» **What you are asked to do**: Starting with the line that contains "本组照片摄于大连。 钢铁管线", copy every line through the end of the listing, exactly and only those. No pictures should appear in the copy.

Segment Start: Collected material

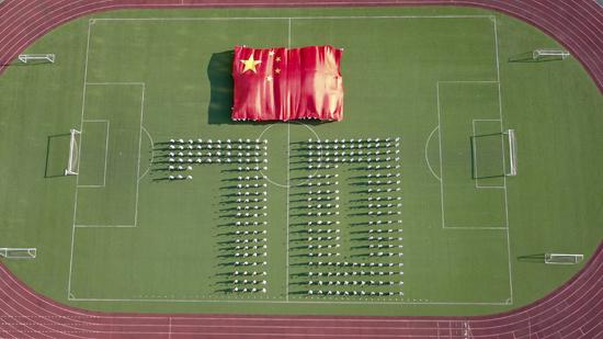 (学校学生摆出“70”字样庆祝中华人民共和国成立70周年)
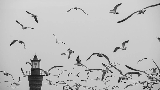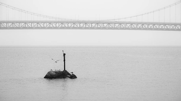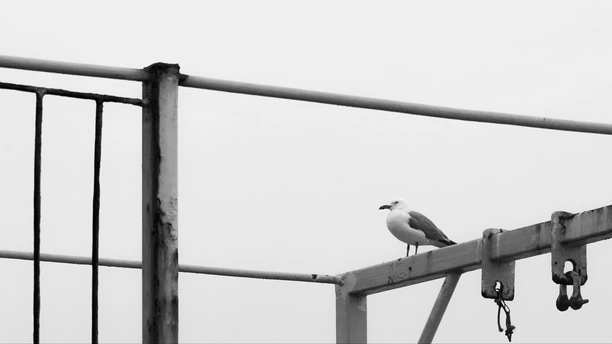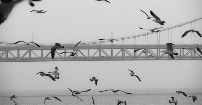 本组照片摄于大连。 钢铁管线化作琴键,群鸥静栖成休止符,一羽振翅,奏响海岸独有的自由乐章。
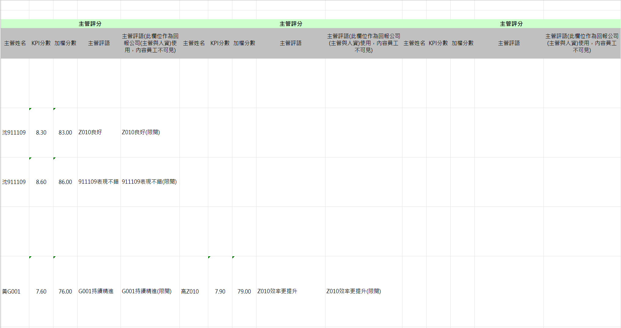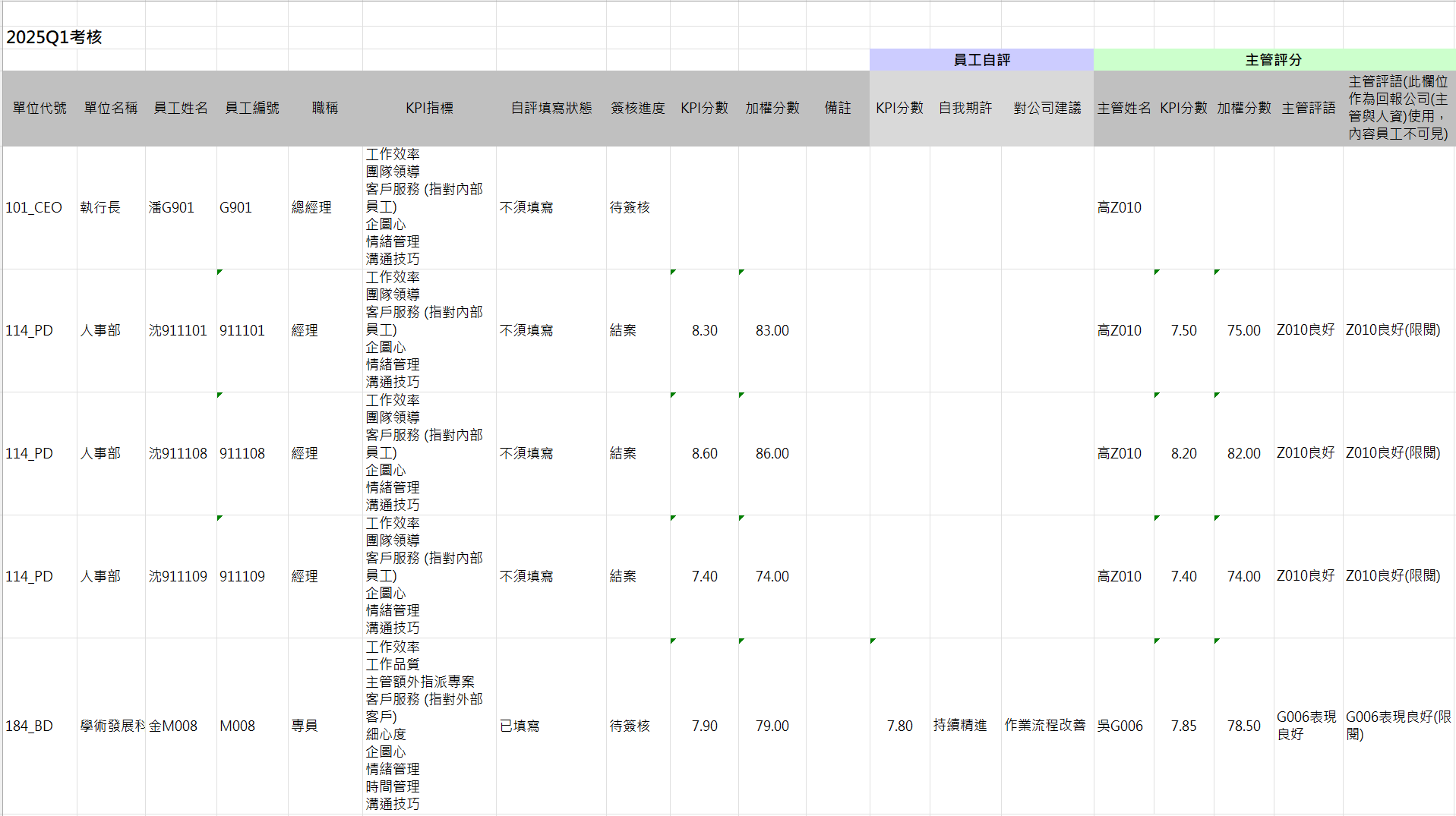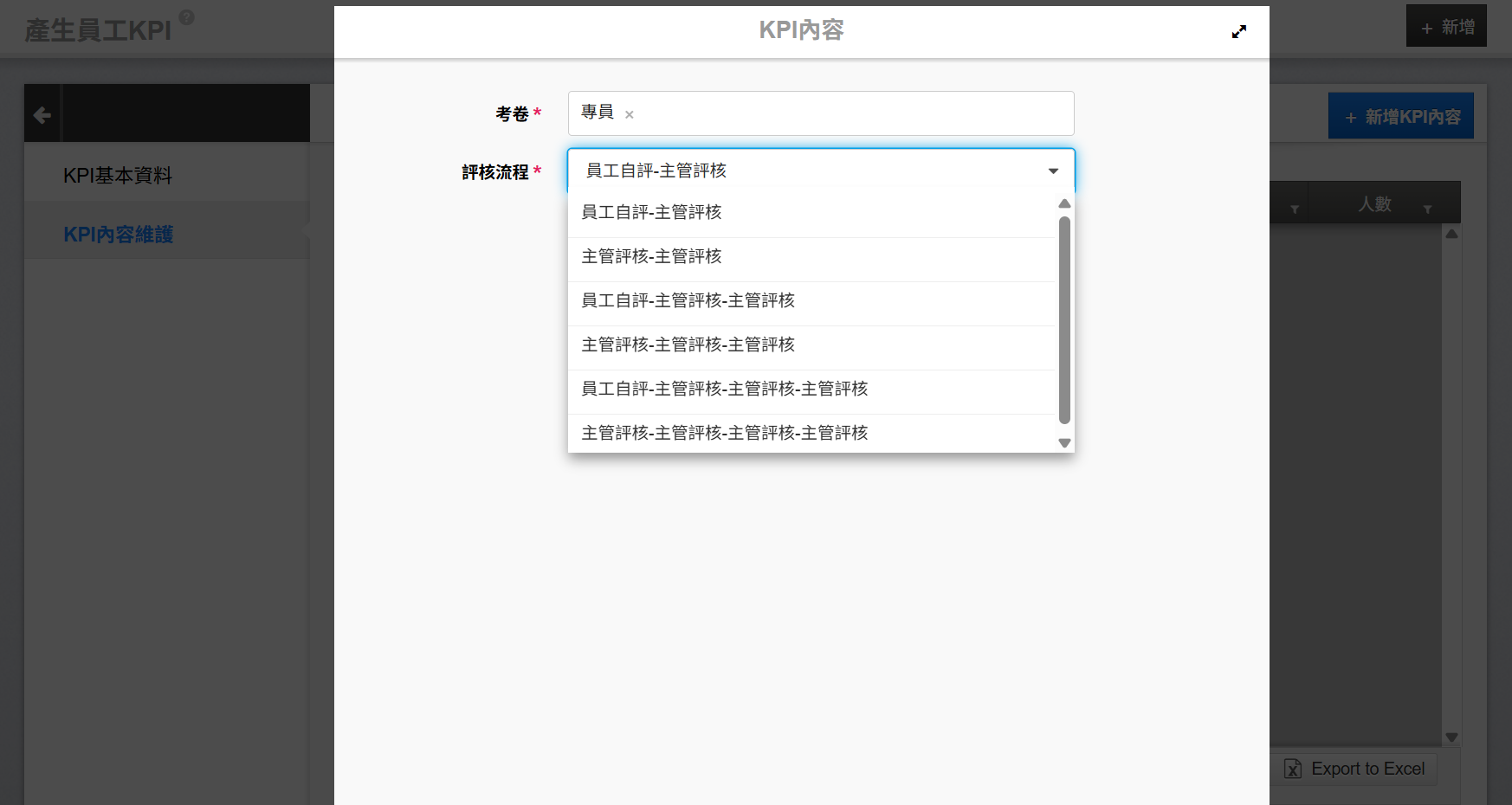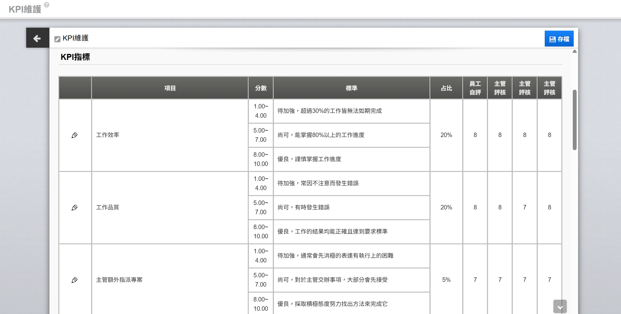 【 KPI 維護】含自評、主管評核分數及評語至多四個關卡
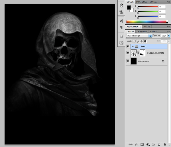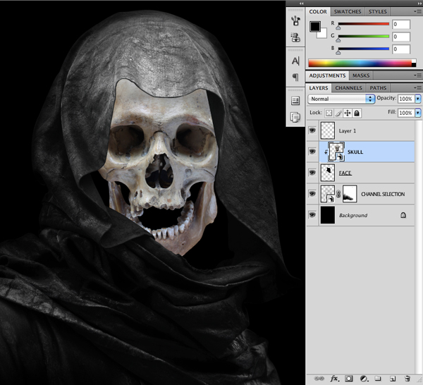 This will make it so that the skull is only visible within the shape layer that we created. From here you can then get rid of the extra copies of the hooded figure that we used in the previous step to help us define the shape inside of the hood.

Segment End: Collected material

» **Answer section**:
 本组照片摄于大连。 钢铁管线化作琴键,群鸥静栖成休止符,一羽振翅,奏响海岸独有的自由乐章。
 【 KPI 維護】含自評、主管評核分數及評語至多四個關卡
 This will make it so that the skull is only visible within the shape layer that we created. From here you can then get rid of the extra copies of the hooded figure that we used in the previous step to help us define the shape inside of the hood.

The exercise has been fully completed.